BRIEF: Once you reach the line with "Suarapanturanews.com — DPW", copy it and every line after it exactly, up to the end of the data. Omit the pictures.

INFORMATION SUPPLIED:
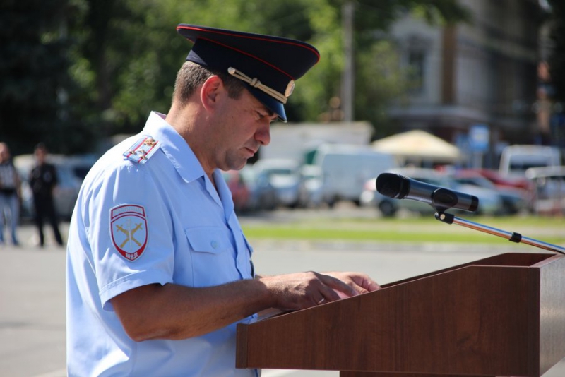 Руководители подразделений полиции проверили готовность личного состава, доложили о ней руководству. В ходе мероприятия на плацу был зачитан приказ о присвоении очередных специальных званий сотрудникам органов внутренних дел с вручением погон.
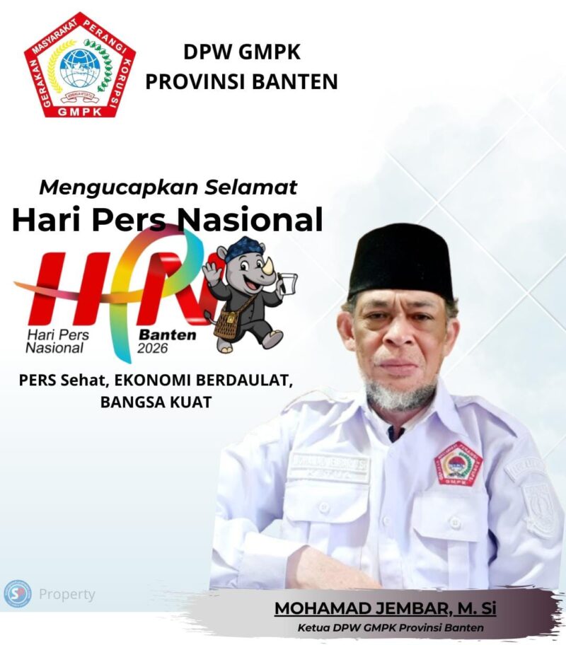 Suarapanturanews.com — DPW GMPK Provinsi Banten mengucapkan selamat Hari Pers Nasional (HPN) tahun 2026. Peringatan ini menjadi momentum penting bagi seluruh insan pers di Indonesia.
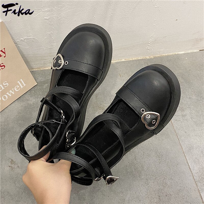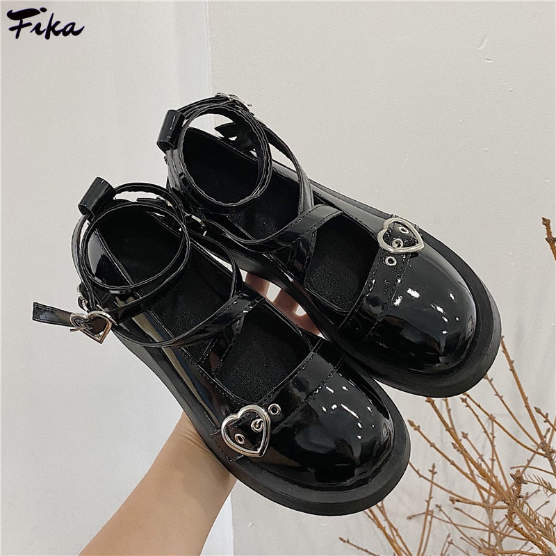 Sweet Lolita Shoes Women Platform Round Head Thick Heel Cross Bandage Leather Mary Janes Shoes Heart Buckle Cosplay Kawaii Shoes

FINAL ANSWER:
 Suarapanturanews.com — DPW GMPK Provinsi Banten mengucapkan selamat Hari Pers Nasional (HPN) tahun 2026. Peringatan ini menjadi momentum penting bagi seluruh insan pers di Indonesia.
 Sweet Lolita Shoes Women Platform Round Head Thick Heel Cross Bandage Leather Mary Janes Shoes Heart Buckle Cosplay Kawaii Shoes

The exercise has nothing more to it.